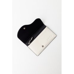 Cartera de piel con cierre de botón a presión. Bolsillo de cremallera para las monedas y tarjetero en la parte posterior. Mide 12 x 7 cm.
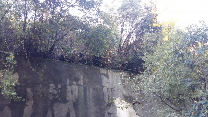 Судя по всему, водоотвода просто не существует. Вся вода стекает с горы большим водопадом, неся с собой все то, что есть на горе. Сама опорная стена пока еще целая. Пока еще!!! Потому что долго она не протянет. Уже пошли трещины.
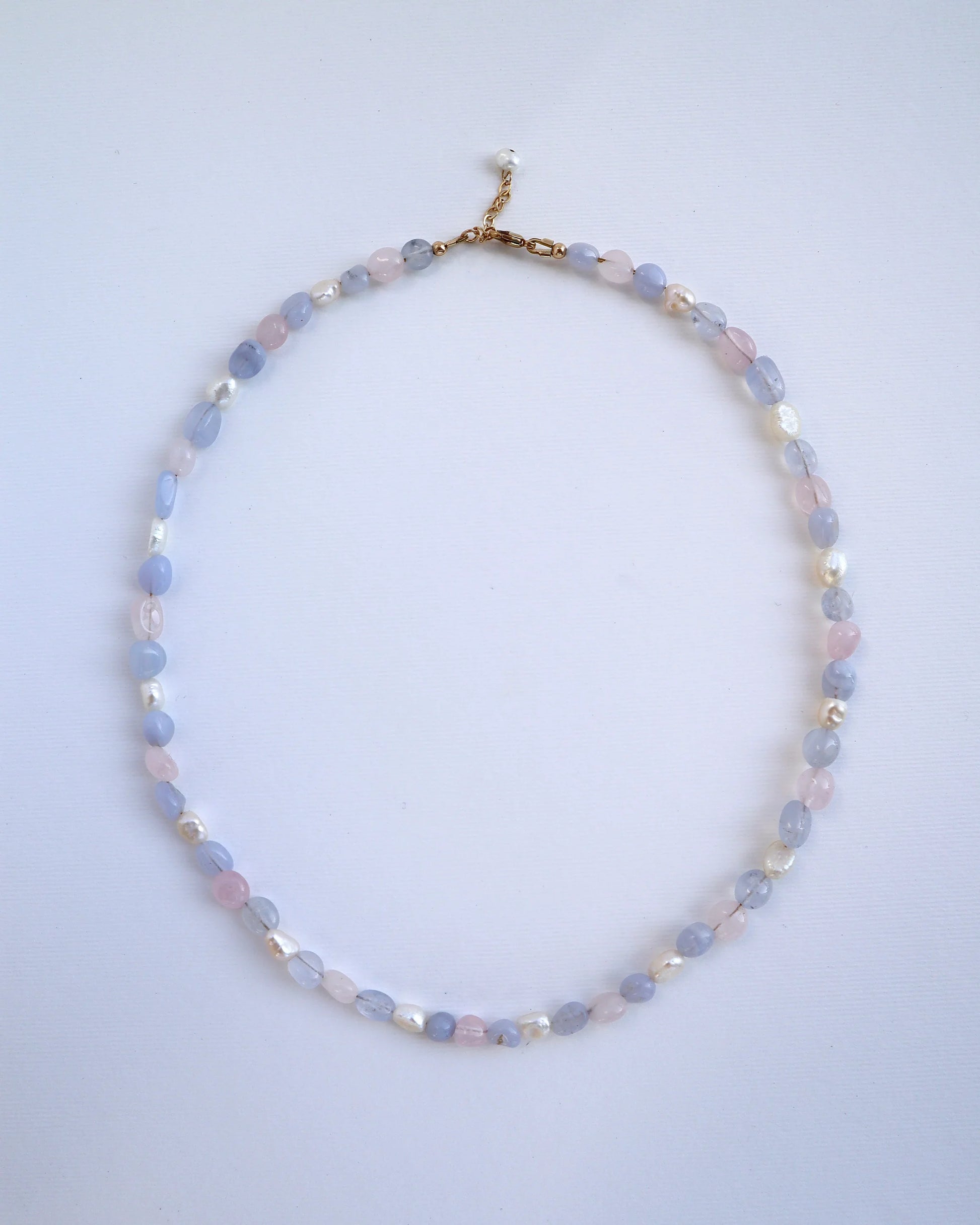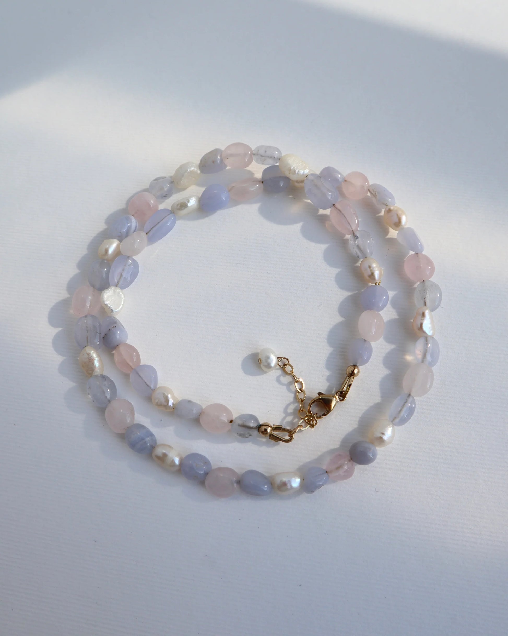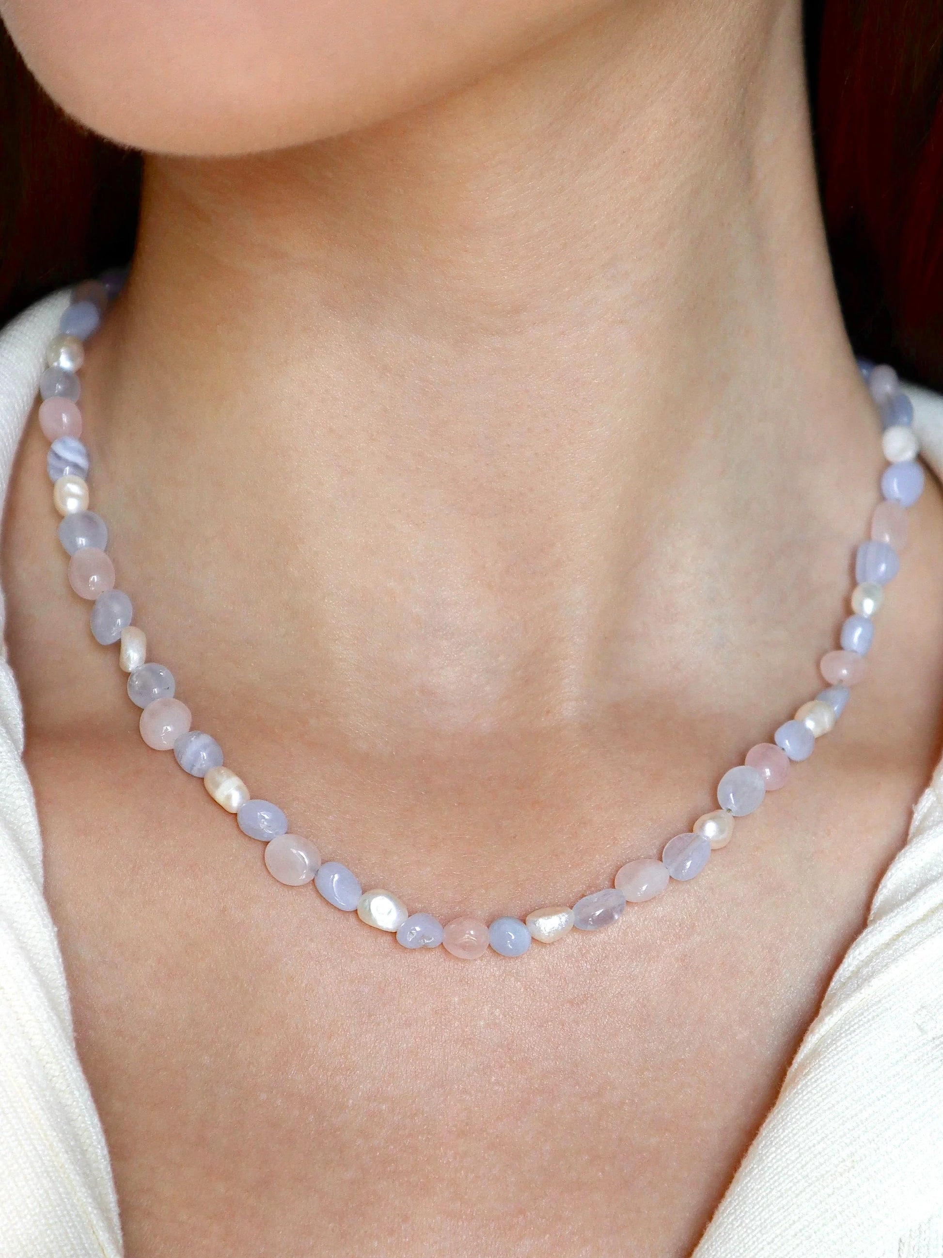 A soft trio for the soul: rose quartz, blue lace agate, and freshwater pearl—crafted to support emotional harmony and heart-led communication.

○ ○ ○ ○ ○

» Task prompt:
Pictures are not part of the copy. Please reproduce the material word for word.

» Reply to the exercise:
 Cartera de piel con cierre de botón a presión. Bolsillo de cremallera para las monedas y tarjetero en la parte posterior. Mide 12 x 7 cm.
 Судя по всему, водоотвода просто не существует. Вся вода стекает с горы большим водопадом, неся с собой все то, что есть на горе. Сама опорная стена пока еще целая. Пока еще!!! Потому что долго она не протянет. Уже пошли трещины.
 A soft trio for the soul: rose quartz, blue lace agate, and freshwater pearl—crafted to support emotional harmony and heart-led communication.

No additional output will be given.